((
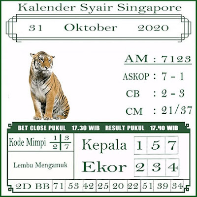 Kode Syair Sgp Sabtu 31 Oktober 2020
))
((
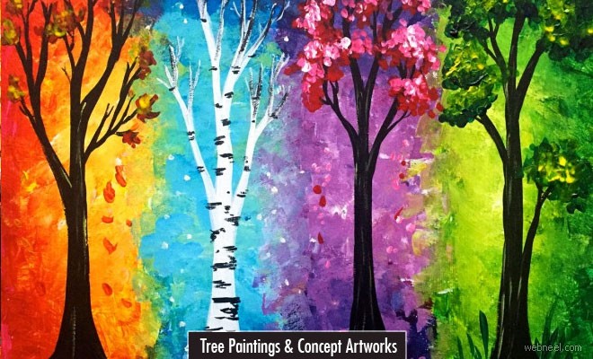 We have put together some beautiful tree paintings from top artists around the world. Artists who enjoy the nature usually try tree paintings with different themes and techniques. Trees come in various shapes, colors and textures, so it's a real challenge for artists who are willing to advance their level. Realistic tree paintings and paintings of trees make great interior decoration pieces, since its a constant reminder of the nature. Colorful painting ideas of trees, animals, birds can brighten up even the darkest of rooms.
))
((
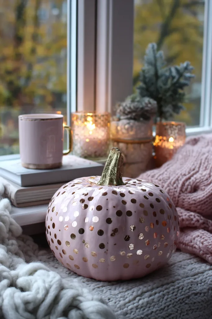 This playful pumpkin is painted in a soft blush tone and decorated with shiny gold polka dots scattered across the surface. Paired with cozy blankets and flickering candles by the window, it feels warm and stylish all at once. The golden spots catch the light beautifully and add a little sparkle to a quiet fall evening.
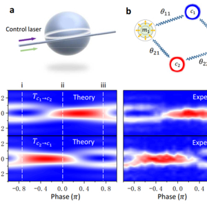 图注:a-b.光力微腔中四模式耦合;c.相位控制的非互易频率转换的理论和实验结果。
))
| EXERCISE DETAILS |
All pictures are to be skipped. Output, word for word, the lines in the data above starting at the line containing "This playful pumpkin" and ending at the line containing "图注:a-b.光力微腔中四模".

| ANSWER TO THIS TASK |
 This playful pumpkin is painted in a soft blush tone and decorated with shiny gold polka dots scattered across the surface. Paired with cozy blankets and flickering candles by the window, it feels warm and stylish all at once. The golden spots catch the light beautifully and add a little sparkle to a quiet fall evening.
 图注:a-b.光力微腔中四模式耦合;c.相位控制的非互易频率转换的理论和实验结果。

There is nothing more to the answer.